Wednesday, October 26, 2016

Scary Movie 2

Probably what will make you laugh the hardest in “Scary Movie 2,” released in 2001, is watching brothers Shawn and Marlon Wayans (who you might remember from “In Living Color” and “The Wayans Bros”) playing college students. Elvis Mitchell admitted, “It's one of the few things that made me laugh, anyway -- that and Shawn's sporting what looks like Samuel L. Jackson's hair from ''Unbreakable.''”) (Maybe the funning thing to the film’s director, Keenen Ivory Wayans, and its co-stars and co-creators, his younger brothers Shawn and Marlon, is breaking the “No Sequel” promise in the commercials for the first “Scary Movie.”) Otherwise, this simple comedy gives the “No Shame, No Mercy” risks from the original.
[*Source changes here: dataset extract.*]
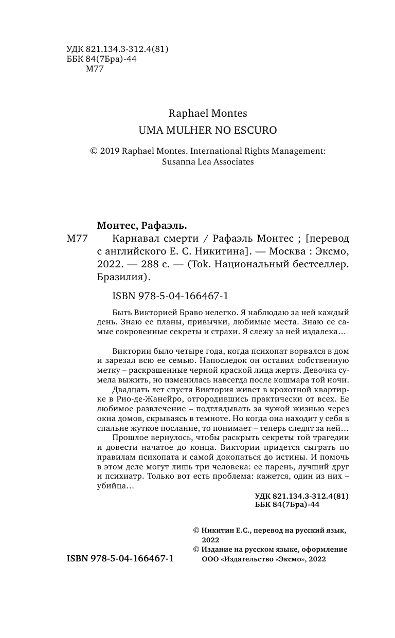 "Прочитала на одном дыхании. Я боялась за Викторию, болела за нее, а главное - понимала ее. И та глубина, с которой Рафаэль Монтес создал этого таинственного персонажа… Триллер и роман, соединенные в одном сюжете, трогают и заставляют задуматься. Блестяще!" - Илана Касой, бразильская писательница и профайлер-криминалист

Sadly, the end result is “No Good.”

Whoever helped create “Scary Movie” the highest-grossing R-Rated film at the time, there’s more of the unbelievable offensiveness that made its breakthrough success the previous year and more, too, of the absurdness: many of the cast that were murdered in the first movie have come back in the sequel.
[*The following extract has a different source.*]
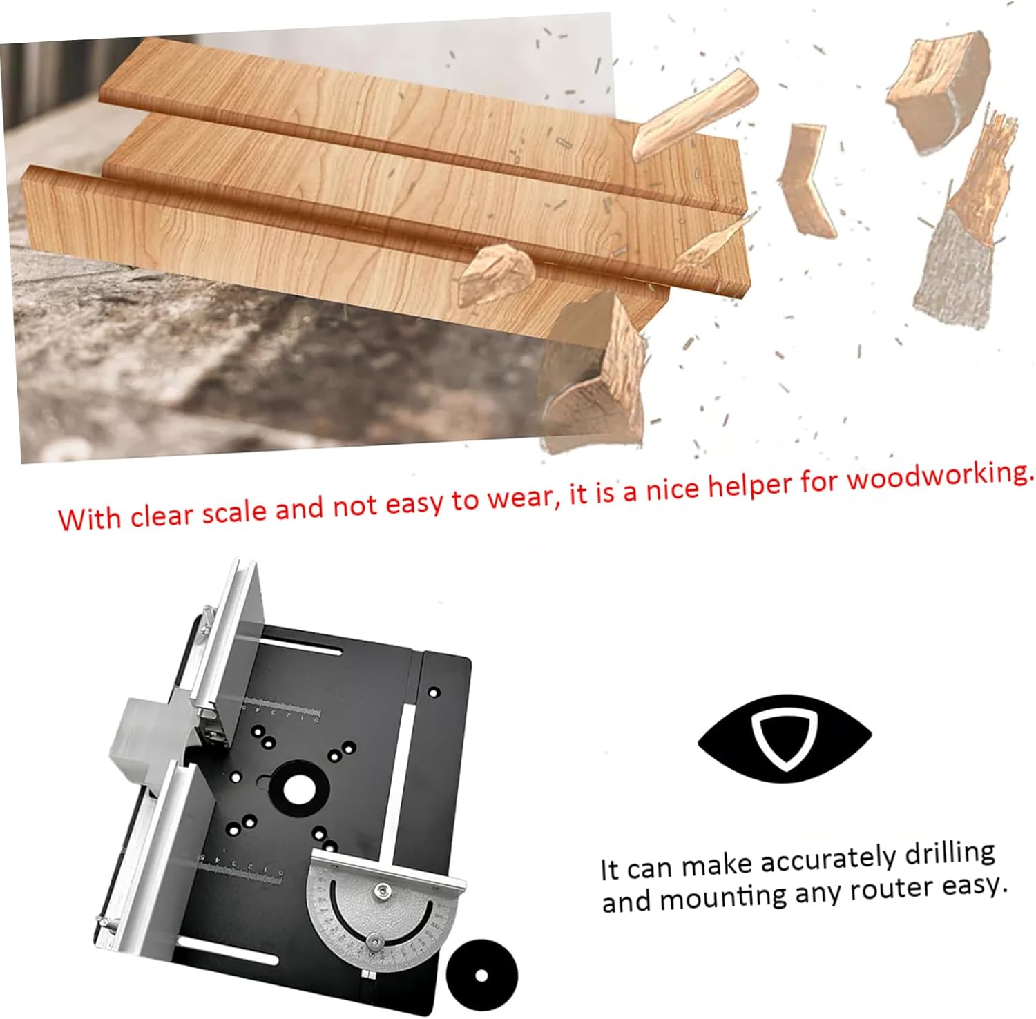 Package Include 1 x Router Table Insert Plate 1 x Back Plate 1 x 180 Angle Gauge 1 x Neutral Paper Box Characteristics -Multifunctional design: the router table insert plate set is versatile, providing ample workspace and support for various woodworking tasks universal router table -Easy installation: the insert plate allows for quick and easy installation without the need for extra tools, saving you effort router plate insert -Metal material: made from aluminum alloy, this router insert plate set is and strong, ensuring long term use without wear woodworking benches router table plate -Size:24.00X20.00X0.40cm/9.43X7.86X0.16in aluminium router table insert plate -Wide application: available in a compact size, this set is suitable for different router table dimensions, offering flexibility for your specific needs woodworking benches router plate -Precision machining: each router table plate is precisely machined to allow flatness and accuracy, delivering better performance in your woodworking projects router fence -Color:Black router table inserts -Material:Aluminum alloy aluminum router lift table engraving for spirit level lifting platformGoods Informationwoodworking benches router plate The aluminum alloy router insert plate set is an essential tool for any woodworking enthusiast.table insert plates This set provides a stable and precise platform for your routing tasks.wood router table insert plate Whether you're working on exquisite designs or cuts, this set allows accuracy and ease of use

The film starts at a haunted house. The title “Hell House” shows up, if we had somehow missed that. This part spoofs “The Exorcist,” maybe encouraged by the film’s successful re-release in 2000. The scene, like most of the others in “Scary Movie 2,” is only slightly related to the story. After the fast “The Exorcist” spoof and a very funny whites-only repeat of a recent rap song, the film moves to “One Year Later,” with Cindy Campbell now in college.

She’s with her other “Scary Movie” friends: Shorty (Marlon Wayans), his sister Brenda (Regina Hall) and her boyfriend, Ray (Shawn Wayans). (The sequel also redoes the first film’s dull visuals and boring pacing).
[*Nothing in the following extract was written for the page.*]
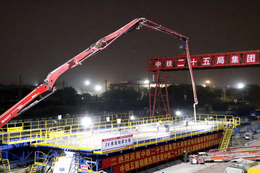 12月26日,经过6个小时的不间断浇筑,粤港澳大湾区重点建设项目——广州白云站枢纽全线首榀箱梁在中铁二十五局大朗制梁场成功浇筑,标志着工程建设进入新阶段。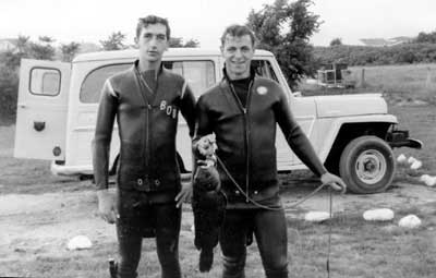 This photo shows Ed Vogel (left) and Bob Palachek (right) coming back from a dive with the catch of the day in August 1964. Back to the edition of: March 2003

There’s also a link to the “Hell House” part at the beginning: Cindy and her friends are invited to that same house on the excuse of a scientific experiment by an evil professor (Tim Curry) and his assistant (David Cross). Soon the house is attacked by ghosts, and what’s even worse, by satires. The films that are parodied include “Final Destination,” “What Lies Beneath,” “Rebecca” and commercials like the Nike shoes.

Mitchell noted, “As a sequel, ''Scary Movie 2'' is a tamer beast than its predecessor and lacks any truly shocking moments, like the once anticipated appearance by Marlon Brando as a priest in the ''Exorcist'' segment. (Mr. Brando was unable to appear because of illness or a sudden attack of dignity, and was replaced by James Woods.)”

Mitchell also mentioned, “Aside from the expulsion of an ocean of bodily fluid -- enough to float the cast of both ''Survivor'' series back to the mainland -- much of the humor in this sequel is based on the talking-back-to-the-screen gimmick used by moviegoing characters in the film ''Hollywood Shuffle.''” That shameless attitude also was the source of the Wayans’ “In Living Color” sketch-comedy show. Mitchell is right when he said, “''Scary Movie 2'' seems pallid because it lacks the brains of that show, which gave a voice to groups excluded from the American cultural mainstream.”

I agree with Mitchell when he said, “''Scary Movie 2'' does have the cutthroat cool that links it and the original to hip-hop, and the take-no-prisoners crush of energy and cruelty toward the targets of its spoofs. (There's also a singular brand of inclusiveness: ''Scary Movie 2'' extends its satire to the disabled, also caricatured in ''In Living Color.'')”

You will be able to say this – as they say in rap battles – “Scary Movie 2” will aggravate screams of anger from those saying that it is further hurrying the end of movies as we know them. Maybe, in an occasional example of indirect social satire, this film was released on Independence Day so that we would be reminded of the freedom of speech right.

If you liked the first “Scary Movie,” then you will not like this movie. This one is way more disgusting and obvious with its humor than the first one. How could the first one be so successful that they decided to make a sequel? Like I said, none of the movies follow any sort of continuity, so it doesn’t matter if you watch them in order. You won’t miss a thing.

Well, I’m sorry to say that this isn’t the last one. They made a third movie, which I will look at tomorrow.